Ritornando alla discussione principale, preferirei senza ombra di dubbio la Repubblica.
Innanzitutto, le lotte politiche erano infuocate e - si può ragionevolmente supporre - appassionanti (nonostante la corruzione dilagante nell'ultimo secolo di vita del regime repubblicano...).
Oltretutto, vi erano due schieramenti politici in Roma, che a meno di commettere una evidente ed ingiusta forzatura storica, potremmo definire "partiti" (col discredito odierno di cui gode il termine, credo sotto ogni punto di vista migliore e più corretta la prima denominazione
): "optimates" e "populares".
I primi lottavano per mantenere ed estendere il ruolo e l'influenza del Senato nella vita pubblica romana, i secondi si ponevano come obiettivo il patrocinio dei diritti del popolo e la restituzione di dignità ed autorevolezza ai comizi ed alle assemblee della plebe.

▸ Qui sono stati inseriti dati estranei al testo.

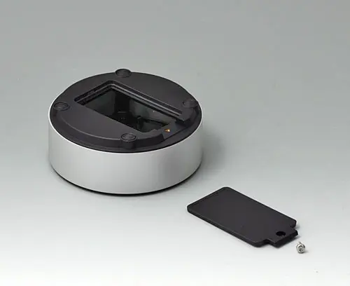 4-part enclosure for many different applications. Sturdy frame made of aluminium, glass bead-blasted and anodised. Plastic parts made of ASA+PC-FR with high UV protection and high flame resistance. Attachment domes for PCBs and components in the top and bottom parts. Top part with recessed surface to protect the membrane keyboard. Bottom part with opening and screw-down cover: practical for the use of a battery compartment or for access to the interior, e.g. for a memory card or batteries that are mounted directly on the PCB. Battery compartment kit 2 x AA with contact springs, battery clips, button cell holder and wall mounting option as accessories.
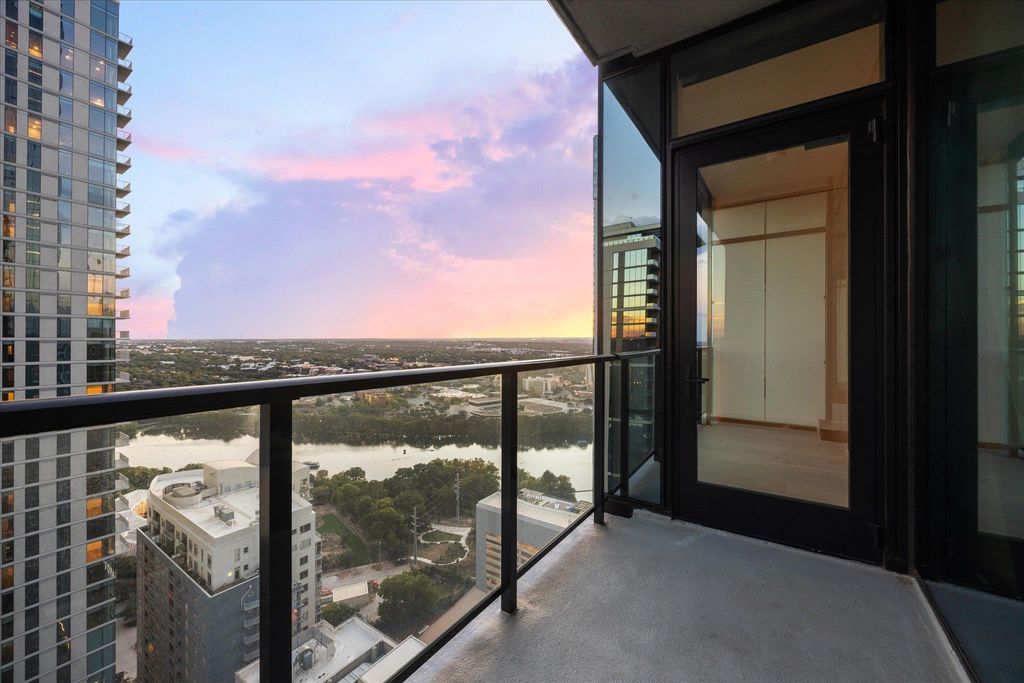 Elevate your lifestyle in this stunning, south facing 2-bedroom condo at The Modern Austin Residences. Flooded with natural light from floor-to-ceiling windows, this thoughtfully designed home captures breathtaking views of Lady Bird Lake and the city skyline. The kitchen is a chef's dream, featuring sleek quartz countertops, top-of-the-line Wolf gas stove, and contemporary, streamlined Italian cabinetry. The primary bathroom offers an upgraded designer finish palette with gorgeous floor to ceiling tile, a dual vanity, natural stone countertops, ambient cove lighting, and a spacious walk-in shower. Wide-plank white oak wood floors flow throughout, complementing the high-end finishes including automated solar shades, and custom built-out walk-in closet. Residents enjoy access to over 19,000 square feet of curated amenities, including a 25-meter pool and spa, state-of-the-art fitness center, yoga studio, multiple resident lounges, a business center, dog park with wash station, and an exclusive sky lounge with catering kitchen. With 24/7 concierge service and a prime location in the Rainey Street Historic District, this home offers unparalleled walkability to Austin's finest dining, nightlife, and the scenic Lady Bird Lake trail.
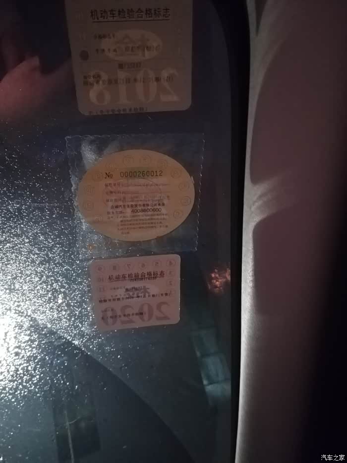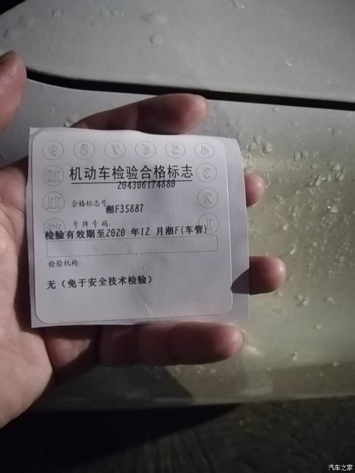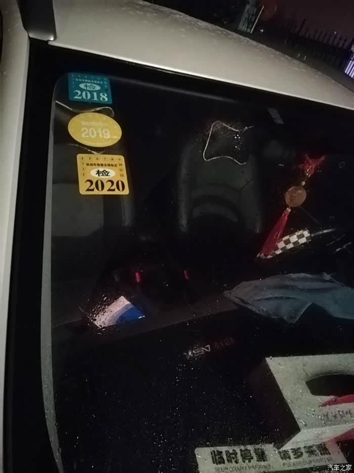 白天拿了快递,就回去工作了,没去贴车上。打算等到下班去贴,结果因为工作出了点情况加班到凌晨三点才下班,下班过来就给小炫贴上了年检标识。
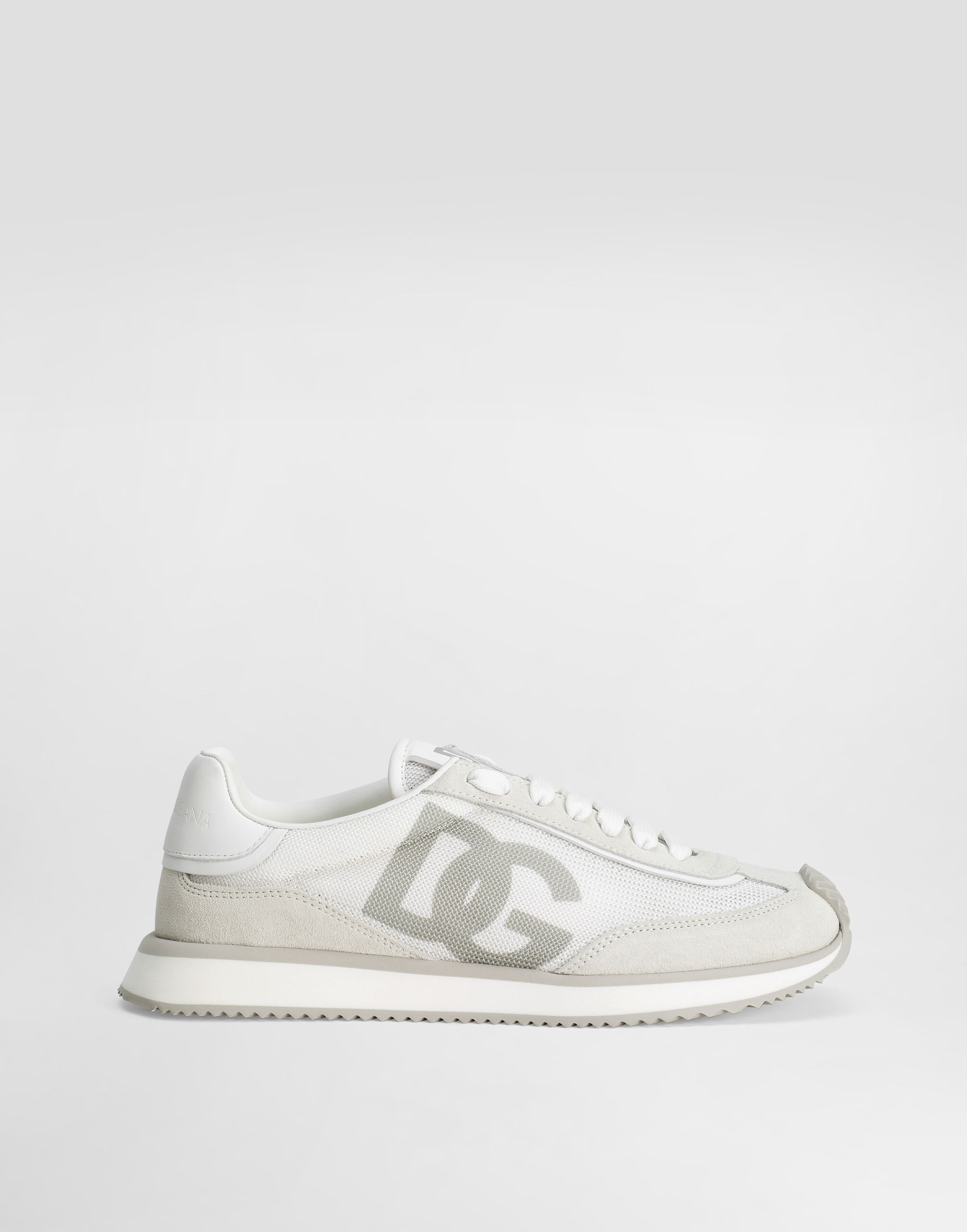 Future-orientated lightness. The new DG CUSHION sneakers feature a soft two-tone suede upper that enhances the crossover DG logo and contrasting print on the mesh side. The light and fitted rubber sole ensures constant comfort, without forgetting about style. The jacquard label finishes off the look, adding a touch of unmistakable elegance. DG CUSHION sneakers: • White • Flat laces • Branded tongue • Calfskin footbed with branded label • Rubber bottom assembly and branded sole • Item comes with a branded dust bag • Made in Italy External composition: 70% Calfskin 30% Polyester Internal composition: 79% Lambskin 21% Goatskin

Le cariche politiche dovevano essere esercitate - per costituzione (detta "mos maiorum", ovvero "costume dei padri") - collegialmente e gratuitamente. Dopo aver ricoperto un incarico, bisognava attendere un dato periodo di tempo per ripresentare la propria candidatura, almeno a partire da Silla.
La temporaneità (la durata era annuale), la gratuità e la responsabilità politica erano le ulteriori caratteristiche d'ogni carica repubblicana.
L'unica che sfuggiva ai princìpi di collegialità, responsabilità (parzialmente) e elettività era la dittatura, che durava per massimo sei mesi ed era contraddistinta dall'esercizio del potere assoluto. Essa veniva conferita dai consoli, previa riunione plenaria del Senato.